Iran Displays Advanced New Weapons

New Brief — May 12, 2014

New Iranian cruise missile the Ya Ali. Click to enlarge

Over the past few years and prompted by the implicit threat of impending Western military strikes, Iran has steadily developed its defence capability.
While American politicians would probably be loath to admit it, Iran’s growing defence capabilities have probably deterred U.S. airstrikes on its disputed nuclear program.
Although Western ‘experts’ might dispute the level of development achieved, by its own efforts Iran has grown into a regional military power of some sophistication and magnitude.
It is not another Iraq; to be sure. It is much more formidable and technically accomplished and Western military intelligence knows this.
This is why the long anticipated military strike on Iran has yet to materialise. This is also why, in its place we’ve seen subterfuge and the repeated assassinations of Iranian scientists.
Hesitant to confront Iran directly, as they once did with Iraq, Western powers have instead resorted to assassinations, sabotage and efforts to foment internal dissent.
This hasn’t been entirely successful and Iran has continued to develop nonetheless.
Given recent its experiences in Afghanistan and Iraq, the U.S. has little stomach for another all-out conflict, which is why its more recent military escapades have been covert or fought with proxies as in Syria.
So recent developments in Iran must be making U.S. military planners and technocrats heartily sick.
After all America has the most powerful, most sophisticated and lavishly funded military on the planet. In recent decades it has fought three major conflicts against relatively ill-equipped and unsophisticated opponents — Vietnam, Iraq and Afghanistan — and in each case America has been unable to win an outright victory.
In each conflict the U.S. finally withdrew, or plans to withdraw in Afghanistan, while its proxies fought a rear guard action as it did so. Effectively covering what was essentially a retreat.
In each case America wasn’t able to capitalise militarily on its obvious technical superiority. So recent news from Iran is unlikely to be welcomed by U.S. military technocrats.

Ayatollah Ali Khamenei views the Third of Khordad Air Defence system. Click to enlarge

On Sunday Iran unveiled a range of new and enhanced weapons which mark a new level of sophistication in the country’s weapons development.
The weapons have been almost entirely indigenously developed and among them was a new air defence system capable of tracking multiple targets.
The ‘Third of Kordad air defence system can track and engage up to four different airborne targets simultaneously at a distance of fifty kilometres.
An Iranian Revolutionary Guards Corps commander said the Third of Kordad could be compared to the Russian S-300 and that its range will be increased to 100km and then 200km in future.
The Third of Khordad air defense system can trace and target fighter jets, bombers and cruise missiles to a maximum altitude of 25,000 meters. While the system itself is housed in a vehicle together with its radar, tracking and missile-launching systems, making it entirely mobile.
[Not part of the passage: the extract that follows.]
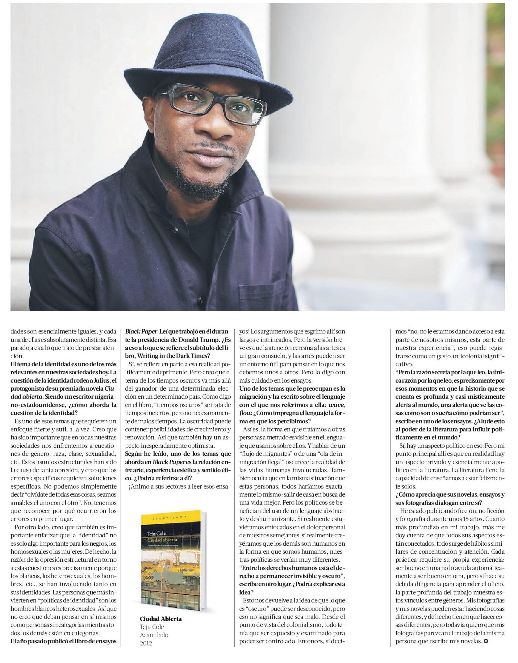 La Tercera entrevista a Teju Cole, novelista, ensayista y fotógrafo que ofrecerá una conferencia el próximo jueves en el marco del ciclo La Ciudad y las Palabras de la UC.

Zelzal missiles. Click to enlarge

During the exhibition by the Iranian Revolutionary Guards Corps, the Ayatollah Khamenei was also shown a new cruise missile the Ya Ali. With an effective range of over 700 kilometres the Ya Ali almost doubles the range of Iran’s cruise missile capability.
In addition the exhibition also featured an upgraded version of the short-range surface-to-surface missile the Zelzal. With a range of 300 kilometres, the upgrades enable the Zelzal to carry a warhead with 30 17 kilo Multiple Reentry Vehicles (MRV); effectively expanding the perimeter of its killing zone.
Thus making a Zelzal strike more deadly over a wider area and making it the weapon of choice for use against enemy runways, unfortified military installations and troop concentrations.

Iranian replica of RQ 170 drone. Click to enlarge

However, the highlight of the IRGC show was undoubtedly the unveiling of a back-engineered replica of America’s own RQ-170 military drone.
Based on the captured U.S. drone the IRGC seized control of while it flew a reconnaissance mission over Iran in 2011, the replica RQ-170 must seem like salt to the wounded pride of America’s technocrats.

The stealth drone’s existence was never officially acknowledged until Iran broadcast footage of the captured drone, largely intact.
Not only did Iran seize control of one of America’s most advanced military drones, they also broke its operating codes and deduced that it had flown 13 missions over Pakistan and Afghanistan.
In addition Iranian scientists also opened up a treasure trove of advanced military computer technology and now, to add insult to injury, Iran says it will equip its replica of the surveillance drone with an additional weapons capability.